Der Mann, der alle mitreißt: Der Chilene Arturo Vidal jubelt nach seinem Tor im Elfmeterschießen gegen Kolumbien.

(Foto: Victor R. Caivano/AP)
  • Arturo Vidal will Chile gegen Peru ins Finale der Copa América führen.
  • Es wäre auch ein Zeichen dafür, dass die Mannschaft die Zeiten der Disziplinlosigkeiten hinter sich gelassen hat.

Die Rituale der Fankurve bekommt man aus Arturo Vidal nicht heraus. Wer wollte, konnte das dieser Tage beobachten, als Vidal ein Initiierungsritual in der chilenischen Nationalmannschaft mit dem Handy filmte und ins Internet jagte. Nicolás Guerra, 20, hatte sich im Teamhotel der Chilenen bei der Copa América in Brasilien auf einen Stuhl stellen und ein Lied vorsingen müssen, "¡Chuncho hueco!", rief Vidal. "Chuncho" steht für den Uhu, der das Wappen der Universidad de Chile ziert, dem Erzrivalen von Vidals Lieblingsklub Colo Colo und der Verein, bei dem Neuling Guerra spielt. "Hueco" wiederum, wörtlich: hohl, ist eines dieser abschätzigen Synonyme, die eine traditionell homophobe Gesellschaft wie die chilenische wohl erst in Jahrzehnten hinter sich lassen wird. Es steht für: schwul.

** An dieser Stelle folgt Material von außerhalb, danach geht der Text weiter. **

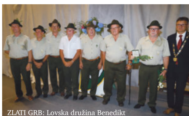
ZLATI GRB: Lovska družina Benedikt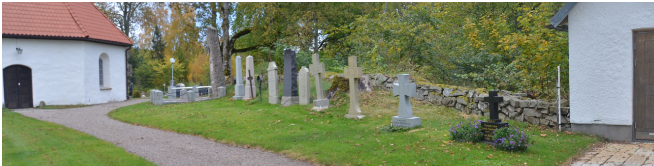
Längs östra muren finns den så kallade "prästraden" med tolv gravvårdar resta över kyrkoherdar, präster och komministrar från 1807 till 1987.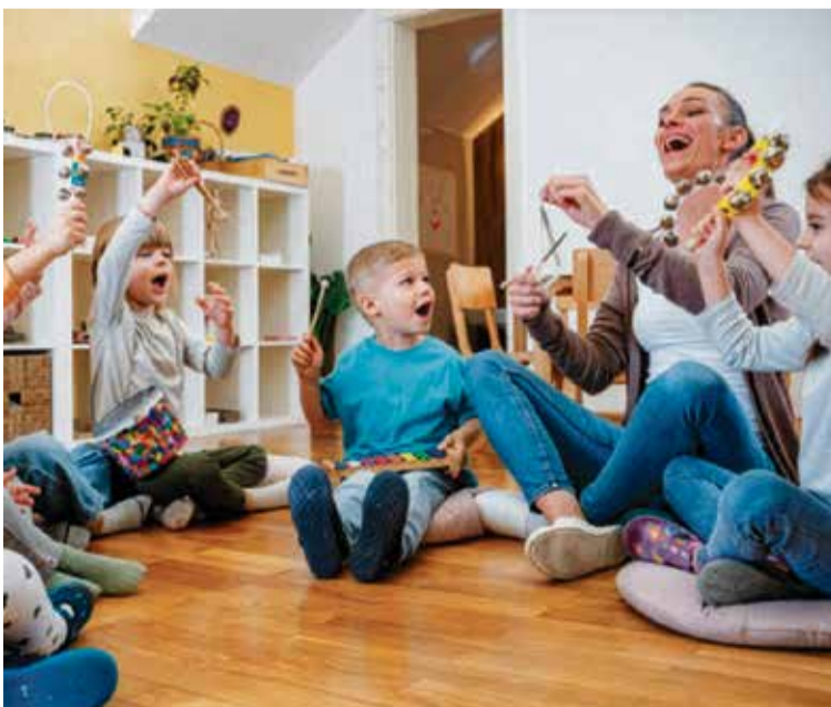
CFGM Atenció a Persones en Situació de Dependència

A més de la incorporació directa al món laboral, els alumnes que cursin aquests estudis també podran continuar el seu itinerari acadèmic cap a cicles formatius de grau superior i, posteriorment, accedir a estudis universitaris. D'aquesta manera, La Salle Figueres consolida una oferta educativa que combina especialització professional, projecció acadèmica i connexió real amb les oportunitats de futur.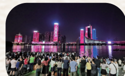
《初心不忘 人民至上》胡瑞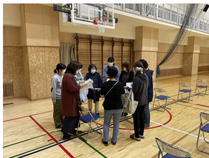
各部会の話し合い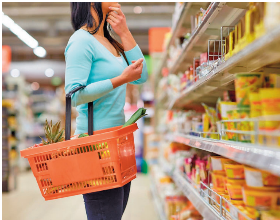
La inflación afecta a los hábitos de consumo

La reducción del gasto en la restauración ya lo perciben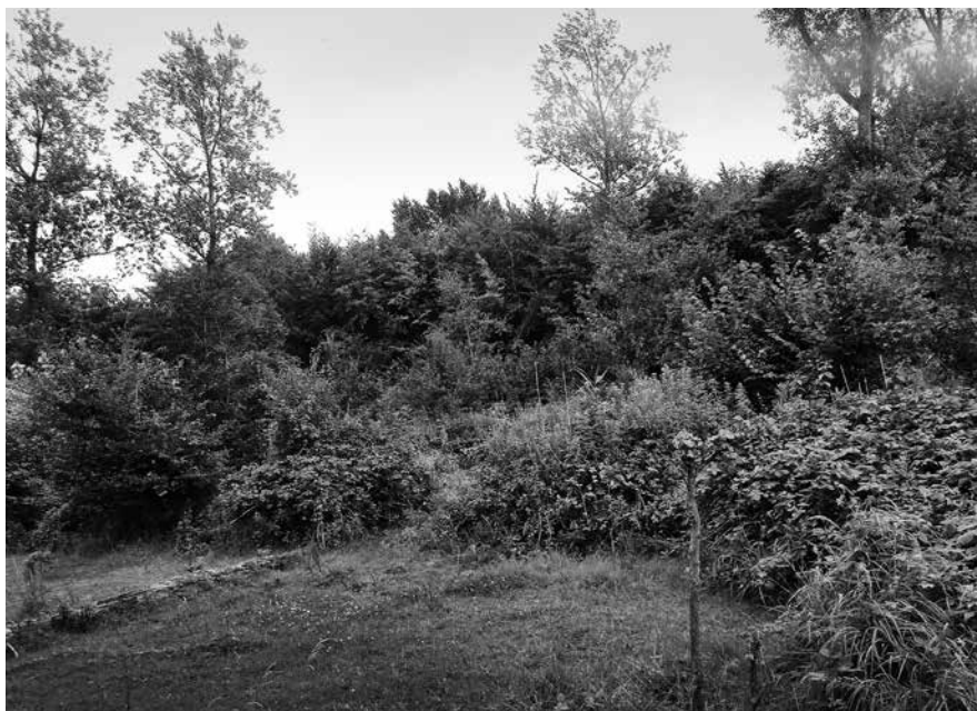
Een natuurlijke bosrand als deze kun je naar eigen believen nabootsen voor maximale fotosynthese en maximale bruikbaarheid.

raken, staan er in deze onderlaag bomen die min of meer schaduwtolerant zijn. Er kunnen bomen tussen staan die uiteindelijk in de kroonlaag zullen belanden als er daar ruimte komt door uitval en er kunnen bomen tussen staan die van nature wat kleiner blijven maar die goed gedijen in de halfschaduw.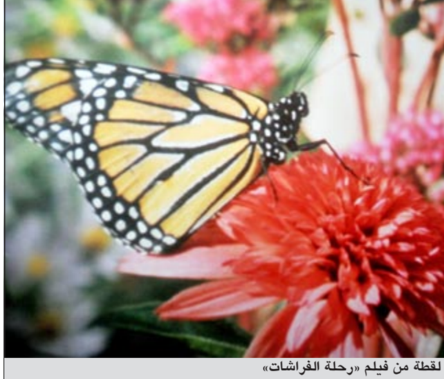
لقطة من فيلم «رحلة الفراشات»

من إنتاج شركة SK Films الثانية والخامسة مساء. جميع عروض آي ماكس خلال عطلة عيد الأضحى المبارك ستكون للفيلم الجديد «رحلة الفراشات». ويمكن لزوار المركز العلمي حجز تذاكرهم لمشاهدة فيلم «رحلة الفراشات» أو أي من المرافق الأخرى عبر موقع المركز العلمي على شبكة الإنترنت www.tsck.org.kw أو الاستفسار على 1848888، علما أن المركز العلمي سيستقبل زواره الكرام من الساعة الثانية من بعد ظهر أول أيام العيد وحتى الساعة الحادية عشرة مساء، ومن الساعة التاسعة صباحا وحتى الحادية عشرة مساء ثاني وثالث أيام العيد.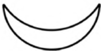
Мал. 2. Зображення символічного знаку «Аллат»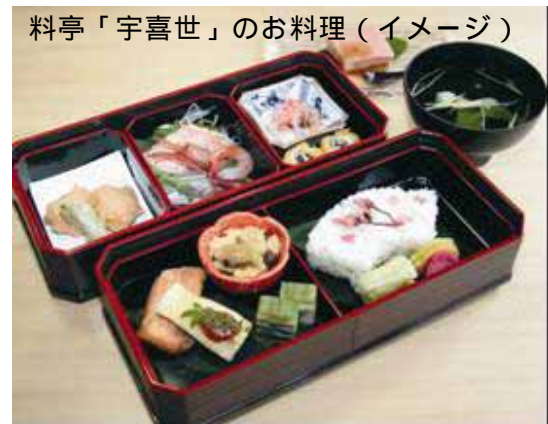
料亭「宇喜世」のお料理(イメージ)

In Chiles Medien wurde Vidals Einlassung nicht hinterfragt, sondern als Indiz für die prächtige Stimmung gewertet, die im Kreis der Nationalmannschaft herrsche. Am Mittwoch trifft Chile in Porto Alegre auf Peru, es geht um den Finaleinzug bei der Südamerika-Meisterschaft, die Chile sowohl 2015 als auch 2016 gewann. Danach aber verfehlte Chile die Qualifikation für die Weltmeisterschaft in Russland 2018, zum steten Hang zu Disziplinlosigkeiten gesellten sich auch interne Konflikte und Überheblichkeit. Eine Zeitlang hatten Chiles Fußballer die Bodenhaftung derart verloren, dass ihre Fans zu den Sternwarten in der Atacamawüste eilen mussten, um einen Blick auf sie zu erhaschen.

Wer mixt den besten Pisco?

Trainer Juan Antonio Pizzi ging, der Kolumbianer Reinaldo Rueda kam - und erdete die Spieler, indem er eine schlichte Wahrheit aussprach: "Er hat uns eingetrichtert, dass wir nicht die zweimaligen Champions von Amerika sind, sondern die Mannschaft, die in der WM-Qualifikation rausgeflogen ist", sagte Vidal vor dem Clásico del Pacífico, dem Duell benachbarter Pazifik-Anrainer, deren Einwohner seit Ewigkeiten darüber streiten, wer den besseren Pisco destilliert und mit dem Traubenmost den besseren Sour mixt.

Zur Klärung dieser Frage könnte Arturo Vidal, 32, einiges beitragen, aber wichtiger ist er den Chilenen als Symbolfigur für die erfolgreichste Generation ihres Fußballs. Nicht nur, weil er wegen seiner markanten Frisur und seiner Tattoos den höchsten Wiedererkennungswert hat. Sondern wegen seiner von ärmsten Verhältnissen geprägten Vita, die für ihn den Fußball zum Mittel im täglichen Überlebenskampf werden ließ, aber auch wegen seiner Verfehlungen, die sogar in einen unvergessenen Flirt mit dem Tode mündeten.